§ **WHAT YOU NEED TO DO**
Write out only the lines from the line that holds "Абажур из ткани" to the end of the listing below, inclusive, with the pictures omitted.

[PROVIDED ENTRIES — start]

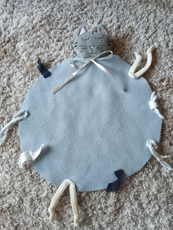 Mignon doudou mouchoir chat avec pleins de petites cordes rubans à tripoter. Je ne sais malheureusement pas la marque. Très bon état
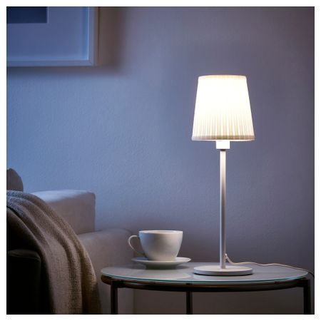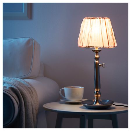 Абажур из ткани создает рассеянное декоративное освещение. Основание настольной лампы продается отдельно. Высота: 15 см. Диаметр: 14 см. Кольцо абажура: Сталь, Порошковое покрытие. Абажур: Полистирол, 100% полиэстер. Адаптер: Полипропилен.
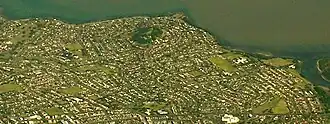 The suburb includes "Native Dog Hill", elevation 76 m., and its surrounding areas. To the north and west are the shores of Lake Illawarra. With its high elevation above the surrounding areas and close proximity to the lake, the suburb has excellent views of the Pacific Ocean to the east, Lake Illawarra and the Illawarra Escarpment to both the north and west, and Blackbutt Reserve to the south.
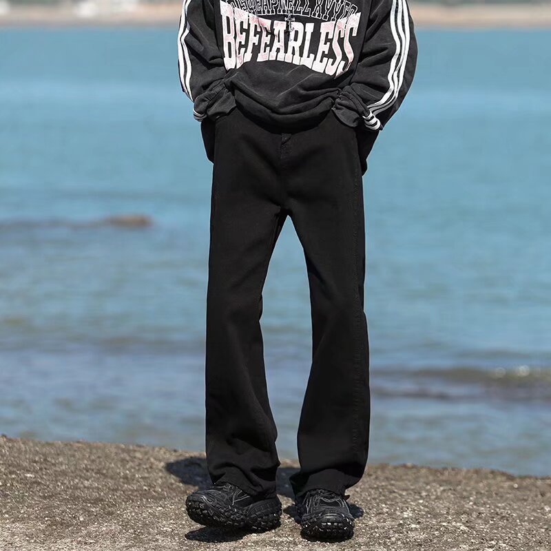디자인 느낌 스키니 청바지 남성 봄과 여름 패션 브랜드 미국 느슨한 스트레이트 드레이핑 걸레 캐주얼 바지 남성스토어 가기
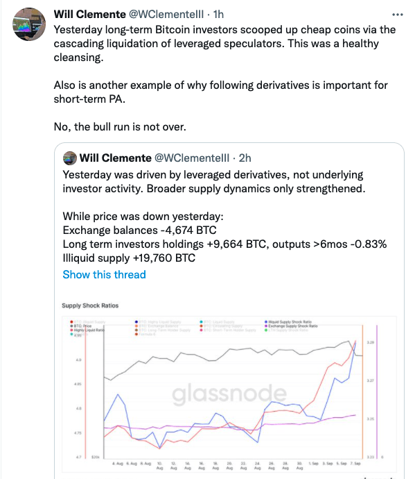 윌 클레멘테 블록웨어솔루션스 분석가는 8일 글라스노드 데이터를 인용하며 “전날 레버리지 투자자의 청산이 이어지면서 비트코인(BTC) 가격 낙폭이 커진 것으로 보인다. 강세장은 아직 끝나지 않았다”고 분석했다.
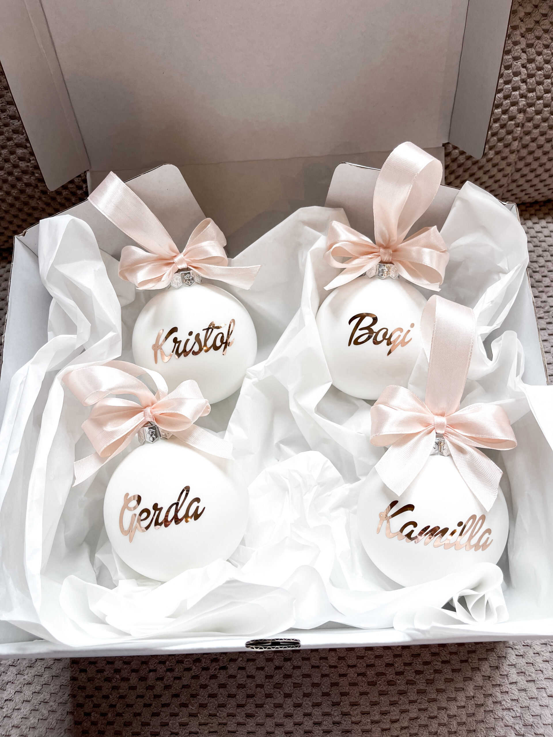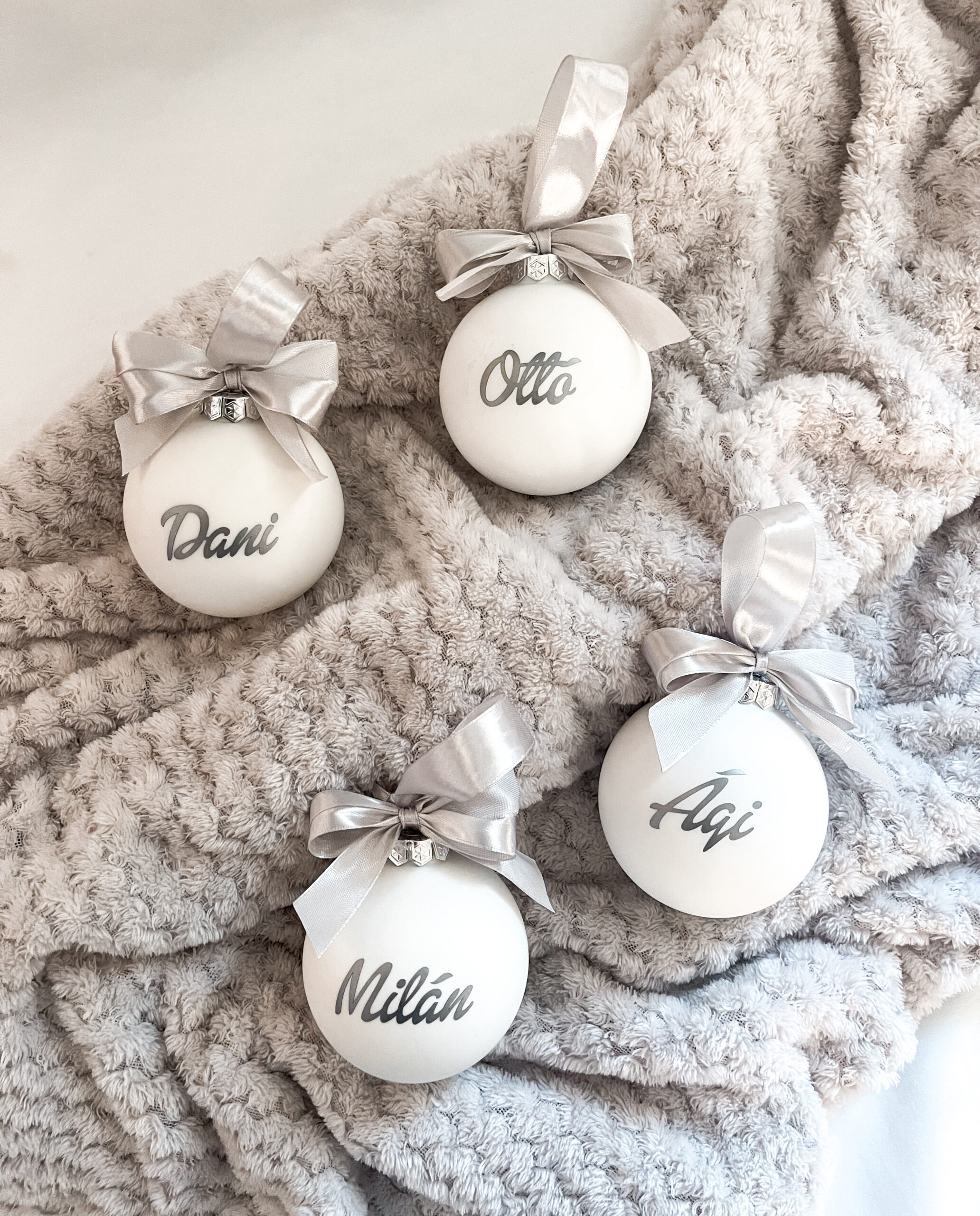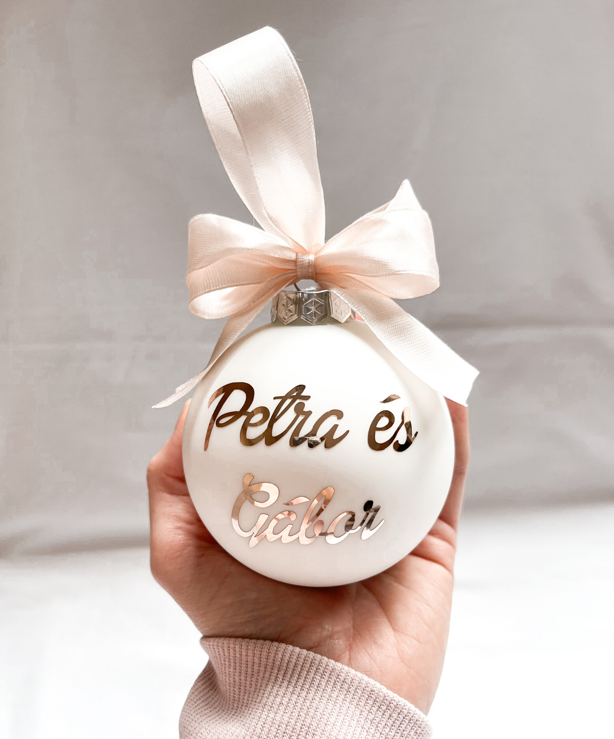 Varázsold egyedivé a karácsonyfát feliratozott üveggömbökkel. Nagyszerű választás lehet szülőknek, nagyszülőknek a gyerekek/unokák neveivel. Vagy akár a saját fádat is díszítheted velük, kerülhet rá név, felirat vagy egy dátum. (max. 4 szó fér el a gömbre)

[PROVIDED ENTRIES — finish]

§ **SOLUTION TO THE PROBLEM**
 Абажур из ткани создает рассеянное декоративное освещение. Основание настольной лампы продается отдельно. Высота: 15 см. Диаметр: 14 см. Кольцо абажура: Сталь, Порошковое покрытие. Абажур: Полистирол, 100% полиэстер. Адаптер: Полипропилен.
 The suburb includes "Native Dog Hill", elevation 76 m., and its surrounding areas. To the north and west are the shores of Lake Illawarra. With its high elevation above the surrounding areas and close proximity to the lake, the suburb has excellent views of the Pacific Ocean to the east, Lake Illawarra and the Illawarra Escarpment to both the north and west, and Blackbutt Reserve to the south.
디자인 느낌 스키니 청바지 남성 봄과 여름 패션 브랜드 미국 느슨한 스트레이트 드레이핑 걸레 캐주얼 바지 남성스토어 가기
 윌 클레멘테 블록웨어솔루션스 분석가는 8일 글라스노드 데이터를 인용하며 “전날 레버리지 투자자의 청산이 이어지면서 비트코인(BTC) 가격 낙폭이 커진 것으로 보인다. 강세장은 아직 끝나지 않았다”고 분석했다.
 Varázsold egyedivé a karácsonyfát feliratozott üveggömbökkel. Nagyszerű választás lehet szülőknek, nagyszülőknek a gyerekek/unokák neveivel. Vagy akár a saját fádat is díszítheted velük, kerülhet rá név, felirat vagy egy dátum. (max. 4 szó fér el a gömbre)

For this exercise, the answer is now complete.